The acquisition is expected to be mid to high single digit earnings per share accretive during the first full year of ownership. Management believes the acquisition will accelerate Aristocrat’s growth strategy over the medium term and deliver sustainable shareholder value
Aristocrat expects to fund the acquisition with $1.1 billion of existing cash, a $2.8 billion debt, and the remaining $1.3 billion equity raising. The latter will be via an underwritten pro rata accelerated renounceable entitlement offer with rights trading issuing fresh shares at $41.85 per new share, which represents an 8.6% discount to its Friday’s close.
Aristocrat also provided a strong solid trading update for the year expecting its Net profit (NPATA) to come in at $864m for the 2021 financial year, a +81.1% increase year on year – the strong growth reflects positive performances across all its operations during the 12 months.
We are BUY rated on Aristocrat
Australia & New Zealand Market Movers
The Australian market was up (ASX 200 index +0.3%) up yesterday as a flurry of M&A delas and rising commodity prices offset concerns of persistent inflation in New Zealand and a slowdown in economic growth in China.

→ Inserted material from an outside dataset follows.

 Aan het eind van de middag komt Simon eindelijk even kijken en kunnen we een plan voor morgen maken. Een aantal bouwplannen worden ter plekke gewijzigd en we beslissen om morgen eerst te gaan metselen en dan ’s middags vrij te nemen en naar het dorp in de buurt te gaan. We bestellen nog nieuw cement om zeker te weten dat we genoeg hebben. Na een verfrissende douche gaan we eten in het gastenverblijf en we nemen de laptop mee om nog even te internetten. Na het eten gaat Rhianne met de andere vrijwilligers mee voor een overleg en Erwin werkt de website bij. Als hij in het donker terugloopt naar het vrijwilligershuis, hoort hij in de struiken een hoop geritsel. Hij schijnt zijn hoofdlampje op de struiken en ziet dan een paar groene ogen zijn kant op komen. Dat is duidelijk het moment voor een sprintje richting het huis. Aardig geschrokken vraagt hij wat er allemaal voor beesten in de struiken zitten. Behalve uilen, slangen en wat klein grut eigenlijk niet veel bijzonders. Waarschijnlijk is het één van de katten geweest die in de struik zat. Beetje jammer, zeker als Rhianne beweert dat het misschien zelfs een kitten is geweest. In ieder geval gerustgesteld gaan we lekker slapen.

Stronger commodity prices saw Materials and Energy stocks lead the market higher, while financials were also stronger – as bond rates rose following news of NZ’s inflation hitting its highest level in a decade. On the flip side tech shares lead losses accompanies by healthcare both generally trading on higher multiples and sensitive to any rate hikes
A wave of M&A across Australia yesterday with Aristocrat Leisure making a $3.9bn billion bid for UK gaming software company Playtech, HomeCo Daily Needs REIT signing a $2.8 billion deal to acquire shopping centres owner Aventus, fund manager 360 Capital making a $1.1 billion bid for office properties group Irongate and Posco putting east coast gas producer Senex Energy in play with an $815m offer. Wealth platform owner Hub24 also signed a $386m deal to buy Class Ltd while Sydney Airport remains in talks about its own $32.6 billion takeover.

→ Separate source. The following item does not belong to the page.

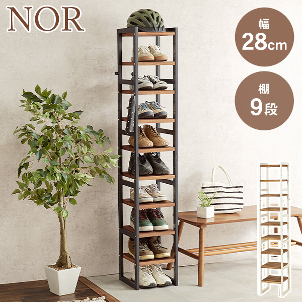 シューズラック スリム シューズボックス 下駄箱 靴箱 おしゃれ 北欧 木製 9段 薄型 収納 大容量 安い diy 狭い玄関 省スペース 玄関収納 スリッパ 幅28cm ノア

The New Zealand market was a touch lower on Monday (NZX 50 index, -0.1%), as most stocks traded weakly in reactions to NZ’s strong inflation numbers.
The stronger kiwi saw many local exporters and those with overseas exposure slip with Vista Group leading losses down -4.3%, A2 Milk (-1.7%), Pushpay (-1.1%).
A number of yield stocks also fell amidst fears RBNZ would have to raise rates more aggressively, as well as retirement village operators and property stocks all sensitive to a interest rate movements.
Mainfreight was one of the best performers on the day up +2.4% following the resignation of Craig Evans, who leaves its NZ operations, in January, while healthcare stocks were generally stronger offset broader market weakness.
3 Things Markets will be Watching this Week
- Key events this week include third quarter economic growth data (GDP) out of China and CPI (inflation) prints across Europe
- US Third Quarter Earnings Season kicks into gear this week.
- Locally, NZ CPI (Inflation) data is due as well as quarterly updates from listed companies, while the latest lock down restriction updates will be closely followed.